Cluster Monitoring¶
By default Grove ships with Prometheus, Grafana and Alert Manager and OpenSearch for monitoring.
Currently, none of these services are exposed via the ingress. They can all be accessed
by forwarding the relevant port. Listed below are the commands to view the UI for each of the
services. These need to be invoked from within the control
directory.
- Prometheus:
./kubectl --namespace monitoring port-forward --address 0.0.0.0 svc/prometheus-operated 8001:9090
- Alert Manager:
./kubectl --namespace monitoring port-forward --address 0.0.0.0 svc/alertmanager-operated 8001:9093
- Grafana:
./kubectl --namespace monitoring port-forward --address 0.0.0.0 svc/prometheus-operator-grafana 8001:3000
- OpenSearch Dashboard:
./kubectl --namespace monitoring port-forward --address 0.0.0.0 deployments/opensearch-dashboard-opensearch-dashboards 8001:5601
After running any of the commands above, you will then be able to view the relevant UI in your browser at http://localhost:8001.
Components¶
OpenSearch Dashboard¶
Cluster logs are forwaded using Fluent-bit to OpenSearch. They can be accessed via the OpenSearch dashboard.

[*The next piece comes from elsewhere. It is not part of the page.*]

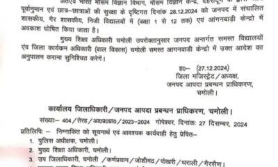 चमोली: भारत मौसम विज्ञान विभाग, मौसम विज्ञान केन्द्र देहरादून द्वारा जारी पूर्वानुमान के अनुसार, 28 दिसंबर 2024 को उत्तराखंड राज्य के विभिन्न जनपदों के साथ-साथ चमोली...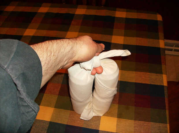 aquí es una manera rápida de llevar varias latas y botellas fácilmente mediante los métodos de Furoshiki con un paño cuadrado de aproximadamente 20 pulgadas a un lado.

Accessing the dashboard is possible by running the following command within the control
directory.
./kubectl --namespace monitoring port-forward --address 0.0.0.0 deployments/opensearch-dashboard-opensearch-dashboards 8001:5601
The username is admin
and the password can be retrieved with:
./tf output -raw opensearch_dashboard_admin_password
On the first run, you will need to create an Index Pattern for fluent-bit
. Once done, you will be able to view
the logs in your discover page.
Grafana¶
Both the username and password for the default user is admin
.
You will be requested to change it after logging in the first time.
The Kubernetes Resource Workload dashboard is loaded by default with more dashboards available via the sidebar's Browse item.
Alert Manager¶
Alert Manager is not configured by default to send any notifications. The configuration can be changed
by setting the TF_VAR_alert_manager_config
variable in Gitlab or in your private.yml
if working locally.
The provided value needs to be valid yaml
as expected by Alert Manager.
Shown below is an example of configuring email alerts:
TF_VAR_alert_manager_config: |
receivers:
- name: "null"
- name: email
email_configs:
- to: 'receiver_mail_id@example.com'
from: 'mail_id@example.com'
smarthost: smtp.example.com:587
auth_username: 'mail_id@example.com'
auth_identity: 'mail_id@example.com'
auth_password: 'password'
Default null route
Note that "null"
receiver is required. Due to the way values are merged in helm, this receiver needs to exist otherwise you'll receive undefined receiver
error. Example:
level=error ts=2020-10-23T12:08:02.428Z caller=coordinator.go:124 component=configuration msg="Loading configuration file failed" file=/etc/alertmanager/config/alertmanager.yaml err="undefined receiver \"null\" used in route"
Visit this Github issue for more details.
Ingress¶
Ingress for the monitoring services are disabled by default, but can be enabled by setting the Terraform variable TF_VAR_enable_monitoring_ingress
to true
in your CI/CD vars
/cluster.yml
and updating your DNS to point to the cluster.
Lets Encrypt Email¶
Set TF_VAR_lets_encrypt_notification_inbox
variable to a valid email address
to received Lets Encrypt Renewal notifications. Note that certificate generation
will not work if this address isn't valid.
DNS¶
You will need a valid base domain to set up the monitoring services.
Assuming your base domain is *.monitoring.grove.dev
, ingresses will be created for:
prometheus.monitoring.grove.dev
grafana.monitoring.grove.dev
alert-manager.monitoring.grove.dev
opensearch-dashboards.monitoring.grove.dev
Access to the above is handled via the Nginx Controller. To set this up:
- Set the variable
TF_VAR_cluster_domain
to your desired domain. - Obtain your controller's External IP with the command
./kubectl get services -nkube-system ingress-nginx-controller
. - Create an
A Record
for*.your-monitoring-domain.com
to the controller'sExternal IP
.
After applying the changes your services will be available as described above.
If certificates aren't generated, please check the Cert Manager documentation for troubleshooting steps.
Authentication¶
All services are protected with Basic Authentication to stop unfettered access to your
data. The credentials are the same for all services, with the username admin
and
the password that can be retrieved with ./tf output -raw monitoring_ingress_password
.